Issue |
A&A
Volume 690, October 2024
|
|
---|---|---|
Article Number | A100 | |
Number of page(s) | 14 | |
Section | Interstellar and circumstellar matter | |
DOI | https://doi.org/10.1051/0004-6361/202450891 | |
Published online | 04 October 2024 |
Disentangling the dust and gas contributions of the JWST/MIRI spectrum of Sz 28
1
Space Research Institute, Austrian Academy of Sciences,
Schmiedlstrasse 6,
8042
Graz,
Austria
2
Kapteyn Astronomical Institute, University of Groningen,
PO Box 800,
9700
AV
Groningen,
The Netherlands
3
SRON Netherlands Institute for Space Research,
Niels Bohrweg 4,
2333CA
Leiden,
The Netherlands
4
Institute for Theoretical Physics and Computational Physics, Graz University of Technology,
Petersgasse 16,
8010
Graz,
Austria
★ Corresponding author; e-mail: till.kaeufer@oeaw.ac.at
Received:
28
May
2024
Accepted:
8
August
2024
Context.

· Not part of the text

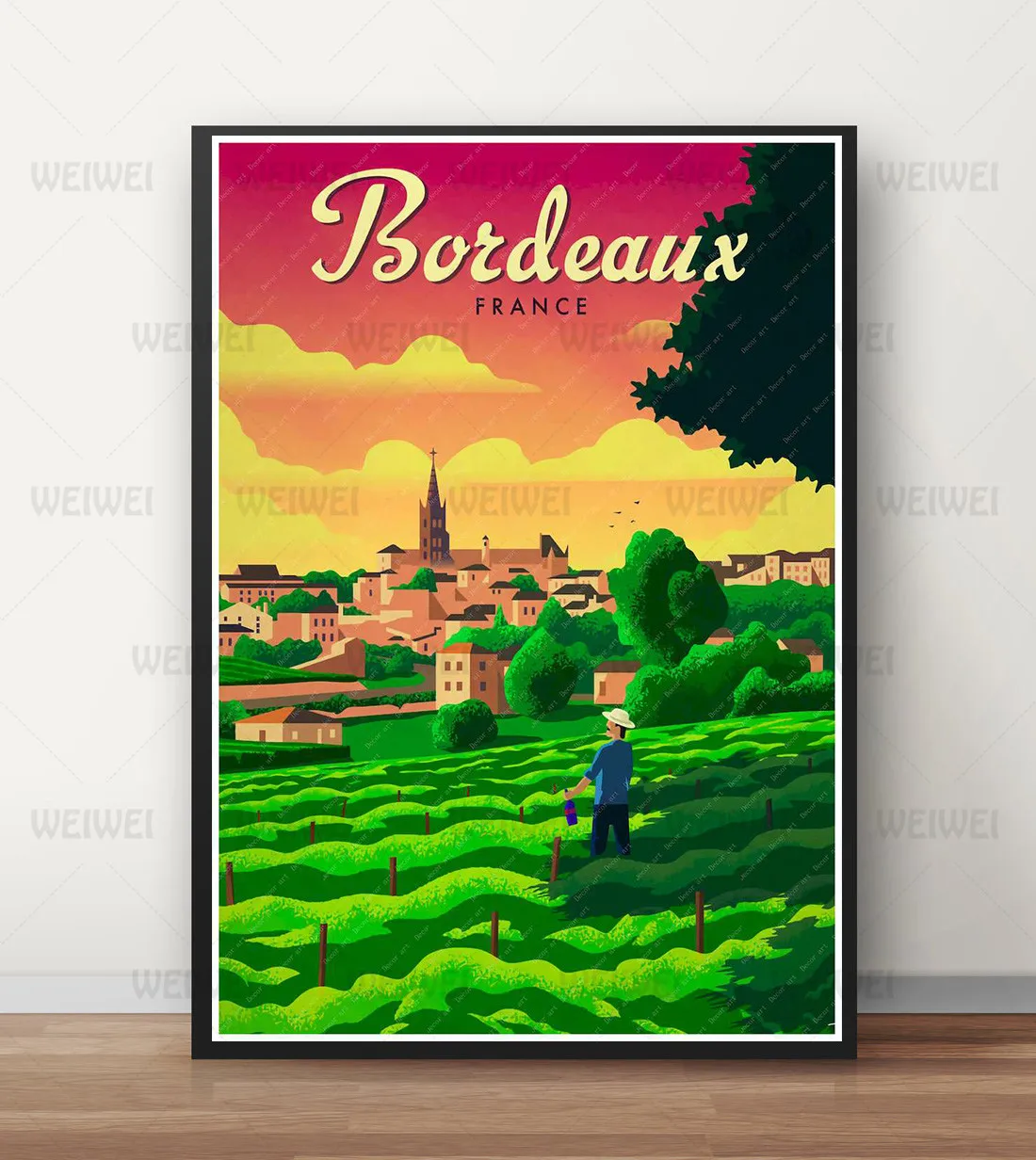 Винтажные художественные плакаты с покрытием во Франции, Бордо, винная страна, путешествия, город, картины на холсте, настенная фотокартина, Декор для дома, подарок

Recent spectra of protoplanetary disks around very low-mass stars (VLMS), captured by the Mid-InfraRed Instrument (MIRI) on board the James Webb Space Telescope (JWST), reveal a rich carbon chemistry. Current interpretations of these spectra are based on 0D slab models and provide valuable estimates for molecular emission temperatures and column densities in the innermost disk (radius ≲ 1 au). However, the established fitting procedures and simplified models are challenged by the many overlapping gas features.
Aims. We aim to simultaneously determine the molecular and the dust composition of the disk around the VLMS Sz 28 in a Bayesian way.
Methods. We modelled the JWST/MIRI spectrum of Sz 28 up to 17 μm using the Dust Continuum Kit with Line emission from Gas (DuCKLinG). Systematically excluding different molecules from the Bayesian analysis allowed for an evidence determination of all investigated molecules and isotopologues. We continued by examining the emission conditions and locations of all molecules, analysing the differences to previous 0D slab fitting, and analysing the dust composition.
Results. We find very strong Bayesian evidence for the presence of C2H2, HCN, C6H6, CO2, HC3N, C2H6, C3H4, C4H2, and CH4 in the JWST/MIRI spectrum of Sz 28. Additionally, we identify CH3 and find tentative indications for NH3. There is no evidence for water in the spectrum. However, we show that column densities of up to 2 × 1017 cm−2 could be hidden in the observational noise if assuming similar emission conditions of water as the detected hydrocarbons. Contrary to previous 0D slab results, a C4H2 quasi-continuum is robustly identified. We confirm previous conclusions that the dust in Sz 28 is highly evolved, with large grains (5 μm) and a high crystallinity fraction being retrieved. We expect some of the stated differences to previous 0D slab fitting results to arise from an updated data reduction of the spectrum, but also due to the different modelling process. The latter reason underpins the need for more advanced models and fitting procedures.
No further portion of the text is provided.